Venezuelan Start-up Created Hardware For Bitcoin Payments During Blackouts

Home » Venezuelan Start-up Created Hardware For Bitcoin Payments During Blackouts

The electrical crisis that Venezuela is experiencing continuously since the general blackout in March prompted Randy Brito to focus on the Locha Mesh initiative, which is an open source project that works to allow private messages and payments without an Internet connection.

During the mentioned blackout, it became clear to Brito that electrical failures and poor Internet infrastructure in the country are important barriers to the adoption of cryptocurrencies in the country. Also, he noted that it was necessary to create an alternative payment method to cash (either in national currency or dollars) that does not require an Internet connection.

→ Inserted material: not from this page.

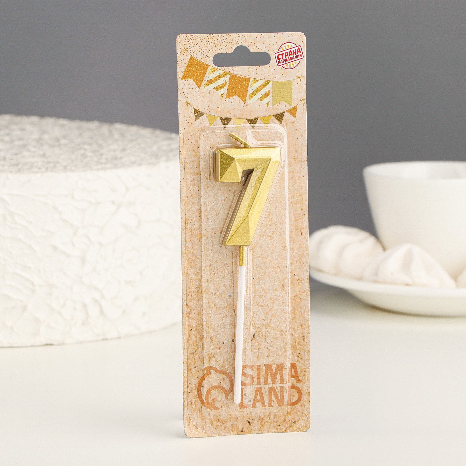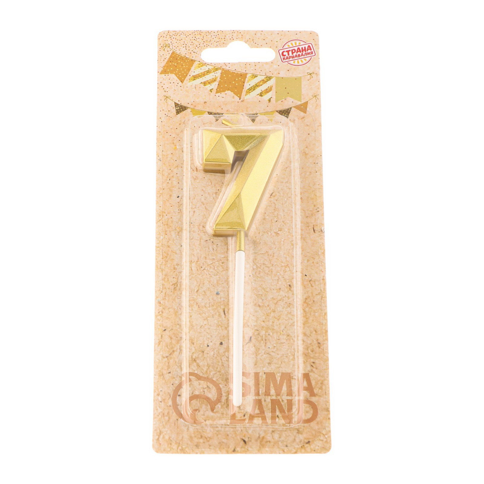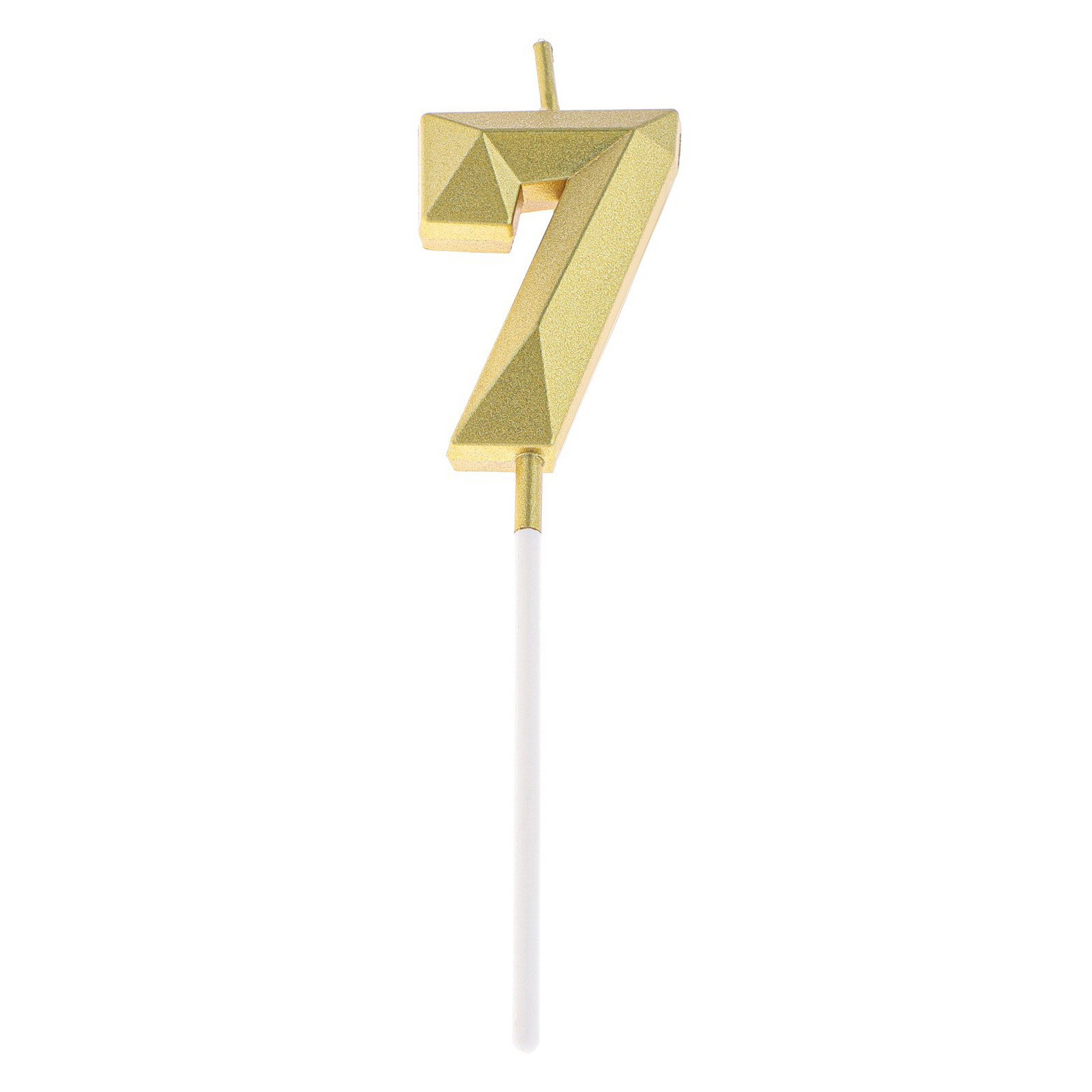 Свеча в торт на шпажке "Алмаз", цифра 7, золотая, 5 см, 6x1x18 см., Страна Карнавалия, Китай

So far, Locha Mesh has created two hardware prototypes, called Turpial and Harpy. They act as small routers that do not require a local WiFi network. Instead, they pass messages around the “mesh” until an exit finally has an Internet connection. This resembles the work done by GoTenna, a startup based in New York.

According to Brito, these devices “allow trading during a blackout by making it possible for users to send and receive payments using the Bitcoin network.” Also, they are easy to transport and hide for security reasons.

Brito also noted that, in March, these devices created an experimental system that actually worked for 22 consecutive hours, even connecting Harpy devices to the Blockstream satellite and transmitting that connectivity to other users through the Turpial device. Next, we focus on allowing small and fast payments using a scale solution called Lightning Network.

“The Lightning Network requires you to be connected, otherwise you wouldn’t know if your counterpart is lying,” said Brito. “Those nodes, these devices are always connected to the Lightning Network.”

Brito presented its latest mesh-network hardware tools for such transactions at the 2019 Lightning Conference in Berlin, because Locha Mesh is looking for investors and donors. Its six-person team aims to start selling these devices in the first quarter of 2020.

According to Luis Ruiz, CTO and co-founder of Locha, the team’s expectations are focused on providing an accessible and secure form of communication for anyone in the world.

It should be noted that the creation of alternatives to use Bitcoin without electricity or Internet access is becoming widespread in countries in crisis, from Venezuela to Lebanon and the Palestinian territories.